The exact command to run is given at the end of I<netcomics> output
if any failures occured.

I<netcomics> also supports retrieving specific dates of comics.  A
"Starting Date" may be specified with B<-S>.  An "Ending Date" may be
specified with B<-E>.  And a specific date may be specified with
B<-T>.  All dates are given in the M-D-[YY]YY format.  If a start date
is given without an end date, B<-n> may be used to specify the number
of days of comics to retrieve starting at the specified start date.
If an end date is given without a start date, B<-n> will specify the
number of days of comics to retrieve counting backwards from the end
date.  If a start date is given without B<-n> or B<-E>, then the end
date is assumed to be today's date.  If the option given to B<-E>,
B<-S>, or B<-T> is just an integer, that integer is interpretted as
the number of days prior to the current day (specify specific dates
relatively).

Another way to specify the dates to download comics, is to use B<-N>
in conjunction with B<-n>.  The argument to B<-N> is the number of
days prior to the current day to retrieve comics.  Note that this does
not specify an actual date.  It rather indicates the number of days
ago a comic was made available, rather than the actual date of the
comic.  To see how far behind the date of each comic is from the date
it actually gets released, use B<-l>.  So if today is Wednesday, and you
specify B<-N 2>, I<netcomics> will download the comics that were made
available on Monday.  This is useful for running netcomics in a
timezone that is way ahead of the timezones the comics' websites are
located.

I<netcomics> was created for the purpose of giving your weiry mind a 
little relief from your hectic workday, so another script
called I<display_comics> is also provided as an example way to 
periodically show the retrieved comic strips throughout the workday.

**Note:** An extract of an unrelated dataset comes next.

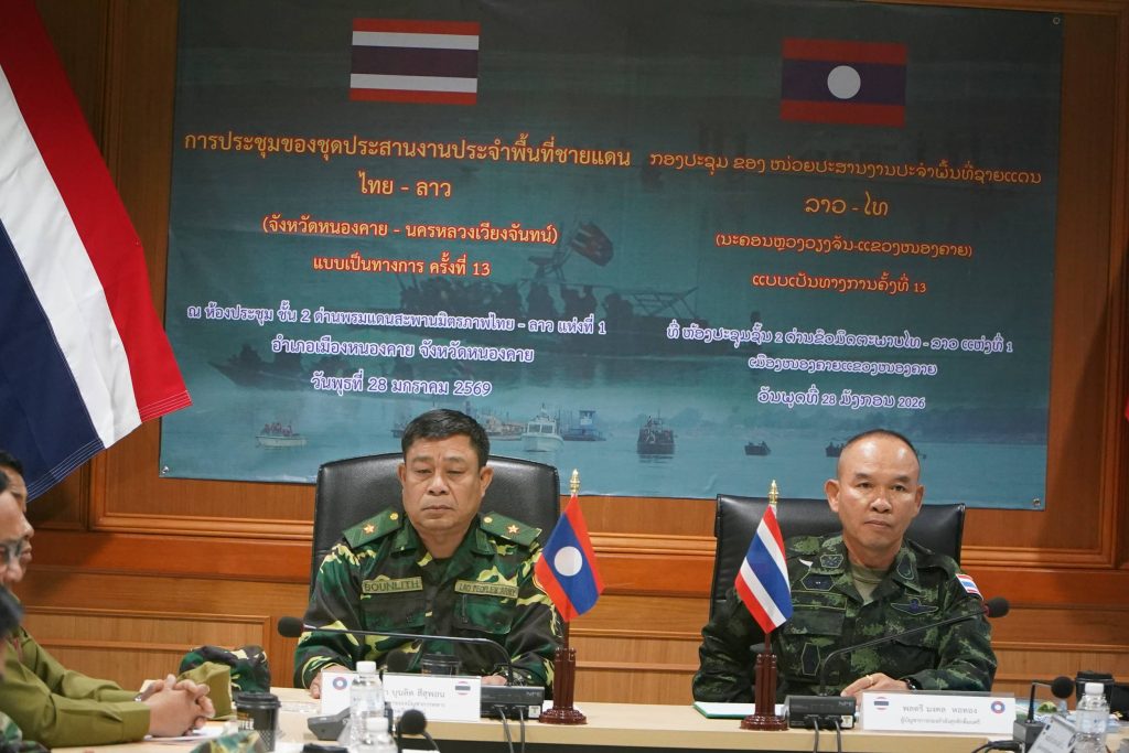 วันที่ 28 ม.ค.69 ณ ห้องประชุมชั้น 2 ด่านพรมแดนสะพานมิตรภาพไทย - ลาว แห่งที่ 1 (ขาออก) อำเภอเมืองหนองคาย จังหวัดหนองคาย พลตรี มงคล หอทอง ผู้บัญชาการกองกำลังสุรศักดิ์มนตรี/หัวหน้าชุดประสานงานประจำพื้นที่ชายแดนไทย – ลาว ร่วมกับ พลจัตวาบุนลิด สีสุพอน หัวหน้าการทหาร กองบัญชาการทหาร นครหลวงเวียงจันทน์ สปป.ลาว เป็นประธานการประชุมชุดประสานงานประจำพื้นที่ชายแดนไทย - ลาว (หนองคาย-นครหลวงเวียงจันทน์)
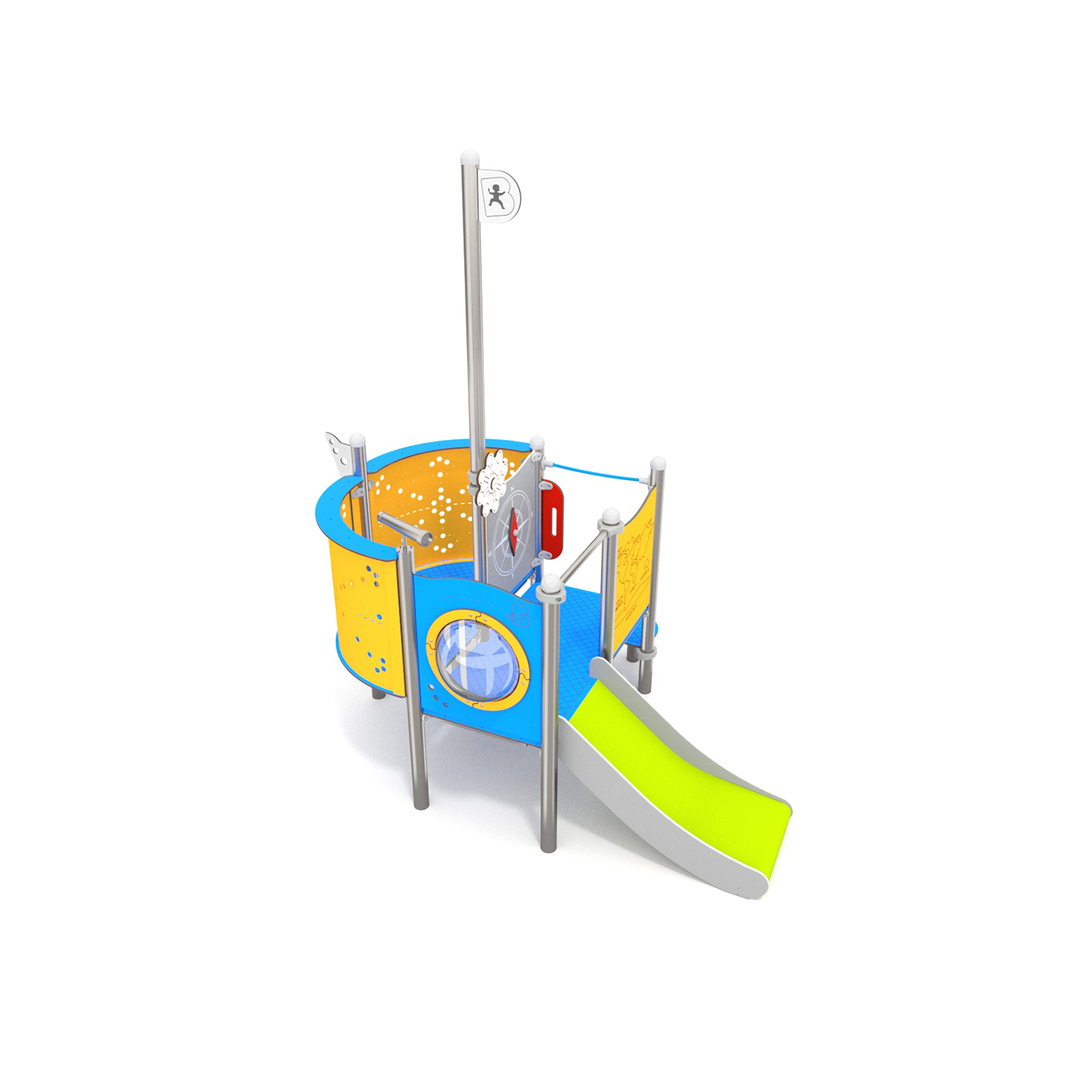 Матеріали стандартної комплектації: Несуча конструкція: нержавіюча сталь. Гірка: поліестер, поліетилен. Кріплення стандартної комплектації: Бетонування конструкції в грунт на глибину 55 см. Додаткові опції: HPL – стінки та платформи. Канати виготовлені з поліпропілену пп-мультиспліт зі сталевим сердечником. Перфоровані стінки виготовлені зі сталі з порошковим обробленням. Усі гвинти, що піддаються атмосферним впливам, виготовлені з нержавіючої сталі. |

B<Important:>  The further east your timezone is from the US, the later 
in the day you'll have to run I<netcomics>.  As a reference, I suggest
those whose timezone in GMT to wait to run the script at 12:30pm if
they want to get all the comics at a time that's pretty likely to have
had all of the websites updated.  Use B<-N> if you want to run the
script early in the morning and are having problems getting comics to
download. Also, just because a comic failed to download doesn't mean
that the module for that comic is broken--it most likely the website
just hasn't been updated yet.

I<netcomics> can also create an HTML file, "index.html", in the
directory you have the comics placed.   If a number is given with
B<-W> or B<-w>, it will be used to determine the number of comics to
be placed in each html file.  Subsequent files are named "comic#.html".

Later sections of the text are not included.